Repo containing all raw codes for reproducing results from "Boosting Data Analytics with Synthetic Volume Expansion" by X.Shen, Y. Liu and R. Shen.
This repo is undergoing structural changes for better readability, but most relevant codes for reproducing results can be accessed from:
- sentiment: Sentiment analysis with Syn-Slm.
- conditional: Tabular data regression with Syn-Slm.
- tab-ddpm/synpred: Syn-Boost for predictions on benchmark datasets and simulations.
- tab-ddpm/syninf: Syn-Test for inference on real datasets and simulations.

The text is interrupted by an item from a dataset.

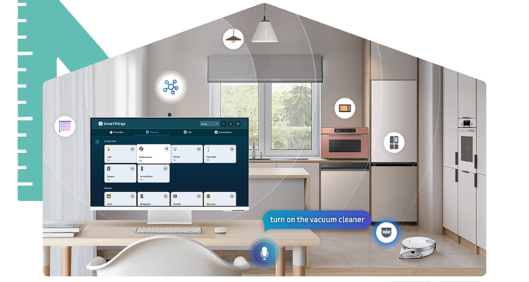 הצג החכם מאפשר לך לחיות בנוחות עם אפליקציית SmartThings, עבור מכשירי הבית החכם שלך.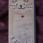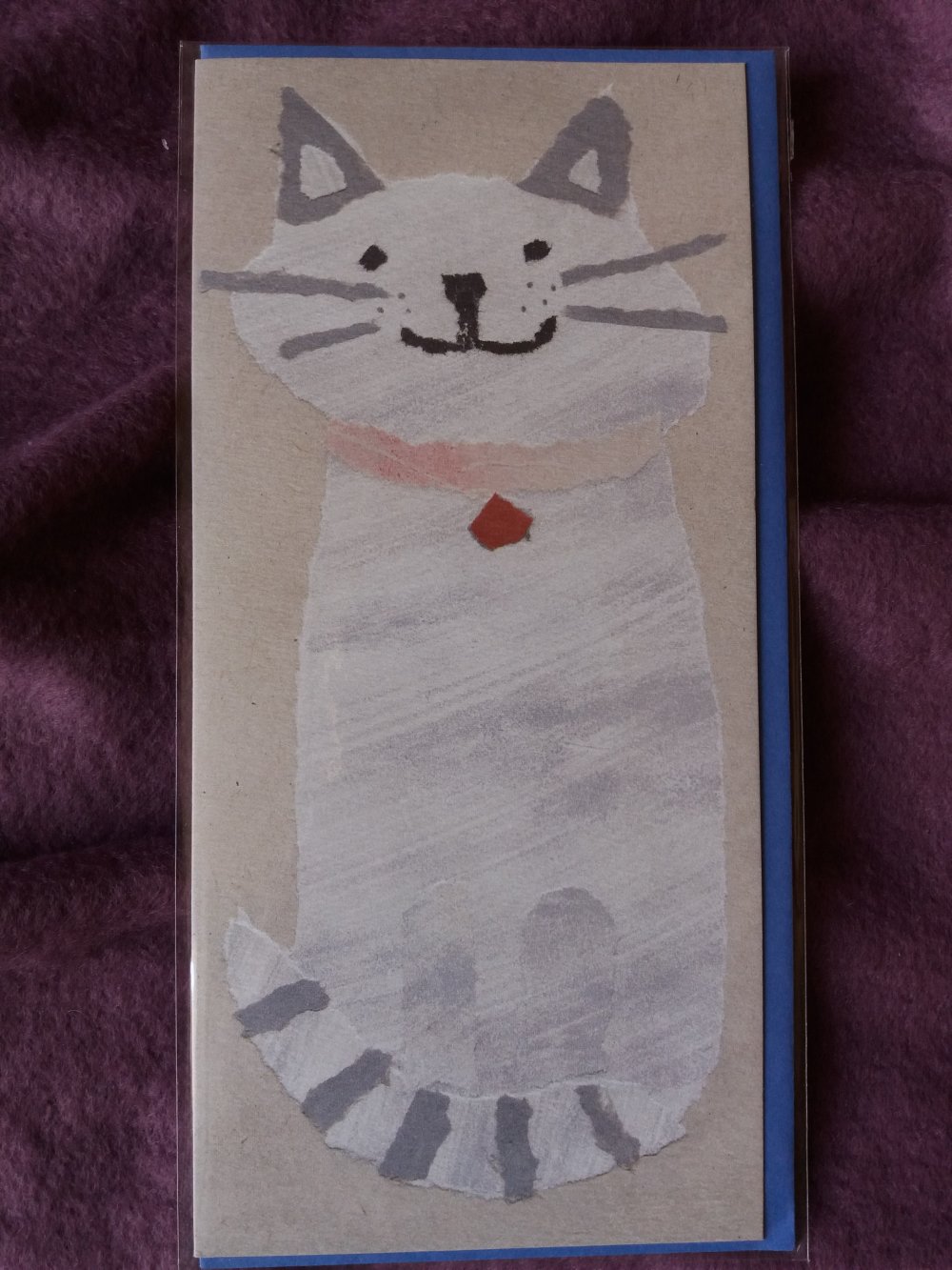 Jolie carte double, sans texte, avec représentation graphique moderne d'un chat rigolo, dans les tons beiges.

The training codes for the tabular diffusion model are mainly adapted from "TabDDPM: Modelling Tabular Data with Diffusion Models" (paper, code)
- Add Makefile for reproducing the results with a pipeline for each example
(Tested on Ubuntu 18.04, with 4 TITAN RTX GPUs and CUDA Version 10.2.)
Create conda environment and install dependencies using the following commands:
# export REPO_DIR=your/path/to/the/cloned/repo/syn
export REPO_DIR=~/Documents/syn/
conda env create -f environment.yml
conda activate syn
poetry install --no-root
Both training and testing results for fine-tuning GPT-3.5 can be found in gpt_result.csv. Note that we are using GPT-3.5 as a completion model, which is essentially a conditional generaotr, and is in alignment with the central idea of Syn-Slm.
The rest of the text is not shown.